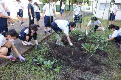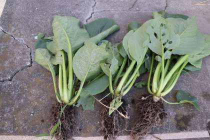 夏休みの間に成長し、濃い緑の小松菜が育ちました。まだ小さな小松菜もあるため、次週の楽しみとしてとってあります。
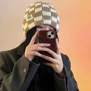棋盘格针织帽女秋冬季韩版小众大头围毛线帽日系显脸小圣诞帽跨境
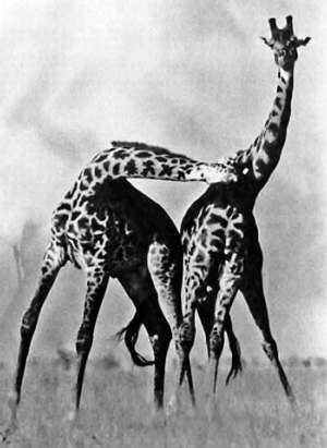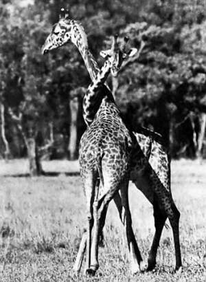 Крепка ли, высока ли у тебя шея? Этот важный вопрос эволюции жирафы решают в брачных турнирах. То, что нам со стороны может показаться дружескими объятиями, на самом деле противоборство – чья шея крепче, кто устойчивей на длинных ногах? Длинная шея позволяет наносить и чувствительные удары.
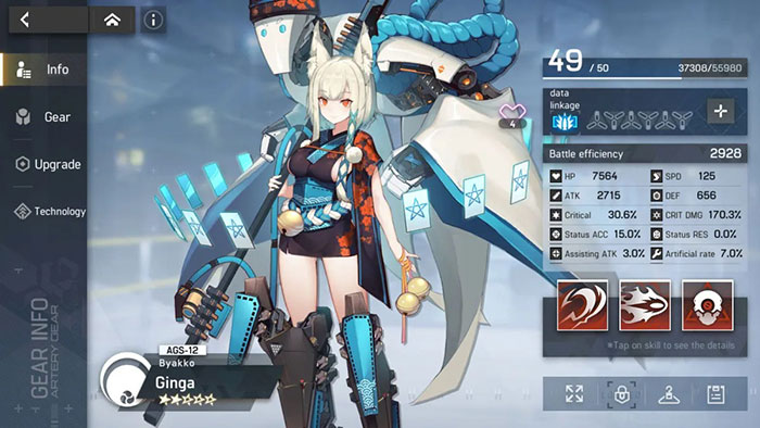 Ginga là một Thunder Assault, sở hữu Ultimate Skill mạnh mẽ giúp tăng sát thương gây ra dựa trên số lần debuff lên kẻ địch mục tiêu. Các kỹ năng khác giúp hỗ trợ tiềm năng tấn công của cô ấy, áp dụng các hiệu ứng Shock với tỷ lệ khá cao. Nhân vật này là yếu tố chính để cho Promised Land, nơi nhiều người chơi sẽ có được trang bị cần thiết cho nội dung cấp cao.
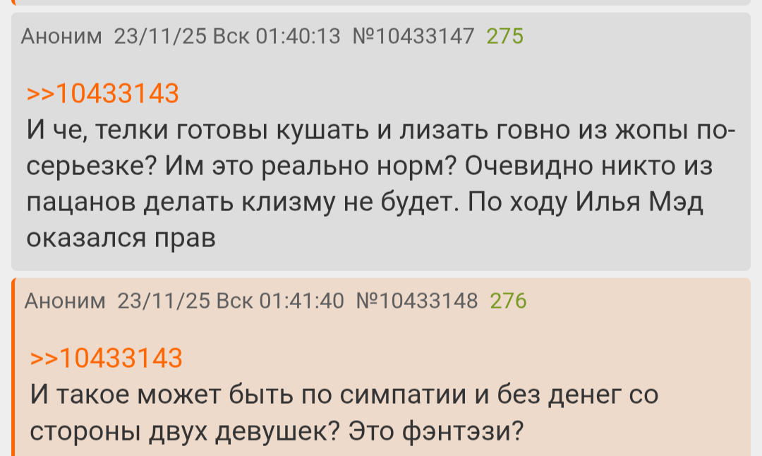 >>10433143 И че, телки готовы кушать и лизать говно из жопы по-серьезке? Им это реально норм? Очевидно никто из пацанов делать клизму не будет. По ходу Илья Мэд оказался прав
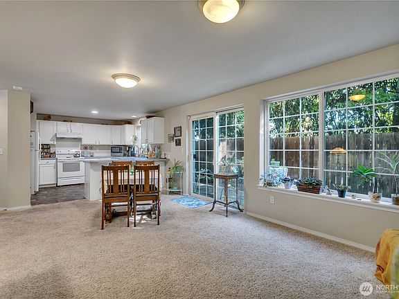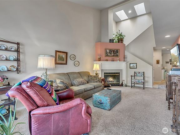 Quiet Townhome community in Kent with private attached 2 car garage and fenced yard. From the covered front porch you'll enter into the first of 2 living rooms. You'll be greeted with soaring ceilings and a cozy fireplace. Around the corner you'll find an open concept kitchen and the second living room and half bath. The kitchen has all appliances included, a pantry and a peninsula with space for eating. There is room for a dining table by the slider. From here you could head to the private fenced yard or the second living space. Upstairs is an insanely large primary bedroom with 2 closets and a 5 piece bath. The laundry room with a tub sink is down the hall along with the second full bath and 2 more bedrooms. Close to shopping and dining.
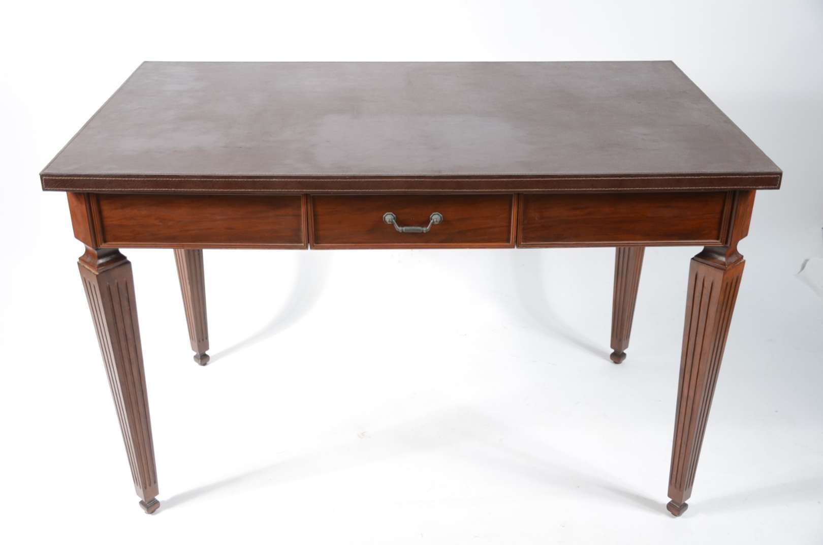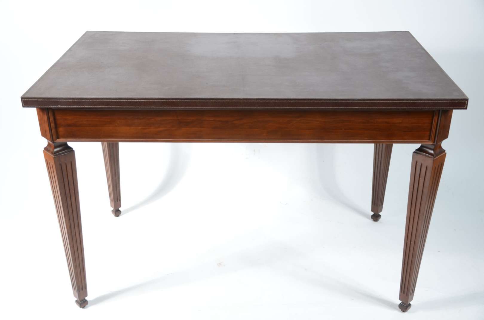 Mesa de jantar de madeira nobre, estilo Luis XV, tampo retangular com duas tábuas extensoras (med. 1,05 m. x 0,40 cm,...
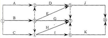答案解析:本題考查的是雙代號網(wǎng)絡(luò)圖的繪圖規(guī)則。有⑦⑧兩個終點節(jié)點。虛工作③②箭頭的節(jié)點編號數(shù)字小于箭尾節(jié)點編號的數(shù)字。參見教材P214、215。
-*-*-
- [WHAT YOU ARE ASKED TO DO] Your answer must be an exact copy of the listing, minus its pictures.

- [YOUR RESPONSE]
 夏休みの間に成長し、濃い緑の小松菜が育ちました。まだ小さな小松菜もあるため、次週の楽しみとしてとってあります。
棋盘格针织帽女秋冬季韩版小众大头围毛线帽日系显脸小圣诞帽跨境
 Крепка ли, высока ли у тебя шея? Этот важный вопрос эволюции жирафы решают в брачных турнирах. То, что нам со стороны может показаться дружескими объятиями, на самом деле противоборство – чья шея крепче, кто устойчивей на длинных ногах? Длинная шея позволяет наносить и чувствительные удары.
 Ginga là một Thunder Assault, sở hữu Ultimate Skill mạnh mẽ giúp tăng sát thương gây ra dựa trên số lần debuff lên kẻ địch mục tiêu. Các kỹ năng khác giúp hỗ trợ tiềm năng tấn công của cô ấy, áp dụng các hiệu ứng Shock với tỷ lệ khá cao. Nhân vật này là yếu tố chính để cho Promised Land, nơi nhiều người chơi sẽ có được trang bị cần thiết cho nội dung cấp cao.
 >>10433143 И че, телки готовы кушать и лизать говно из жопы по-серьезке? Им это реально норм? Очевидно никто из пацанов делать клизму не будет. По ходу Илья Мэд оказался прав
 Quiet Townhome community in Kent with private attached 2 car garage and fenced yard. From the covered front porch you'll enter into the first of 2 living rooms. You'll be greeted with soaring ceilings and a cozy fireplace. Around the corner you'll find an open concept kitchen and the second living room and half bath. The kitchen has all appliances included, a pantry and a peninsula with space for eating. There is room for a dining table by the slider. From here you could head to the private fenced yard or the second living space. Upstairs is an insanely large primary bedroom with 2 closets and a 5 piece bath. The laundry room with a tub sink is down the hall along with the second full bath and 2 more bedrooms. Close to shopping and dining.
 Mesa de jantar de madeira nobre, estilo Luis XV, tampo retangular com duas tábuas extensoras (med. 1,05 m. x 0,40 cm,...
答案解析:本題考查的是雙代號網(wǎng)絡(luò)圖的繪圖規(guī)則。有⑦⑧兩個終點節(jié)點。虛工作③②箭頭的節(jié)點編號數(shù)字小于箭尾節(jié)點編號的數(shù)字。參見教材P214、215。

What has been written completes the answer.